** EXERCISE REQUIREMENTS **
Look below for the line with "전문 작업 신발 소프트" and the line with "2. 墨綠色大衣+黑白條紋衫+牛仔褲"; repeat exactly those two lines and all lines between them, but no pictures.
THE DATA START
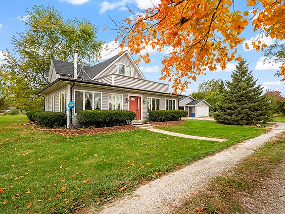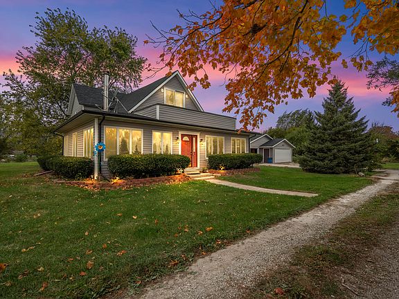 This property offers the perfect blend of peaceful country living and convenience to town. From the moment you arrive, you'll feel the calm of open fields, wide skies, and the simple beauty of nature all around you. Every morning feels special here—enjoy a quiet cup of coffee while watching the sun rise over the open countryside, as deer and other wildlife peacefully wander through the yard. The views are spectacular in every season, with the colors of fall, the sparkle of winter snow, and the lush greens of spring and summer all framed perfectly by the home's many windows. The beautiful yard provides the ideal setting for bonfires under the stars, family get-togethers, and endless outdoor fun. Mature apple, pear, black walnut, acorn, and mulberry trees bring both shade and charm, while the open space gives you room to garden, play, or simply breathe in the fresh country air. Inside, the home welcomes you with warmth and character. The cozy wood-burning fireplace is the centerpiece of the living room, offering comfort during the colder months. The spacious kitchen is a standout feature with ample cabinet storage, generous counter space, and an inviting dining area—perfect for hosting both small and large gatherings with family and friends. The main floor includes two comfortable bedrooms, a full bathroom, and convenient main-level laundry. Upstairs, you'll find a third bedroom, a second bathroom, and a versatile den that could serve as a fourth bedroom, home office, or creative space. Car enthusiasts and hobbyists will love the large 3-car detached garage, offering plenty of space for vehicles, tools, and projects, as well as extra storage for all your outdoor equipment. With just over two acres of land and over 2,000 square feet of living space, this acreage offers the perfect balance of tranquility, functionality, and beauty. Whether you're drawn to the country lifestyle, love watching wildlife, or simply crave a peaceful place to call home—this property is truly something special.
THE DATA END
THE DATA START
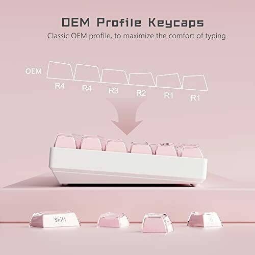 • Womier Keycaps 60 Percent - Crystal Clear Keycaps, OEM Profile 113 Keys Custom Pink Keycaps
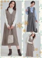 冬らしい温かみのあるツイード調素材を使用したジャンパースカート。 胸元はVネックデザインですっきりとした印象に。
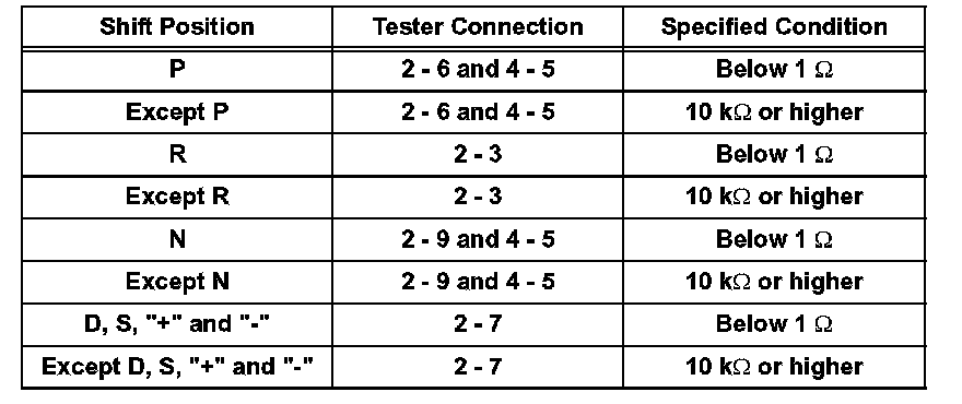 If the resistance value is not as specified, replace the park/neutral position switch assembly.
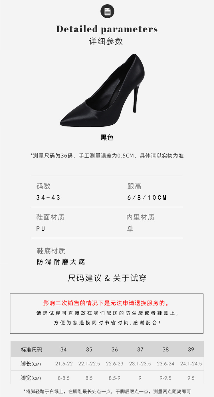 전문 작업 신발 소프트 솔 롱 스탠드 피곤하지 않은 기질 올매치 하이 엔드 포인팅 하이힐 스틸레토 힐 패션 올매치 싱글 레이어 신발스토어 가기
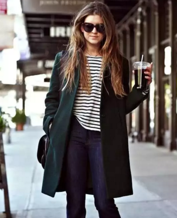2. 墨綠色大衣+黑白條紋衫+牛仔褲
THE DATA END
** TASK SOLUTION **
 전문 작업 신발 소프트 솔 롱 스탠드 피곤하지 않은 기질 올매치 하이 엔드 포인팅 하이힐 스틸레토 힐 패션 올매치 싱글 레이어 신발스토어 가기
2. 墨綠色大衣+黑白條紋衫+牛仔褲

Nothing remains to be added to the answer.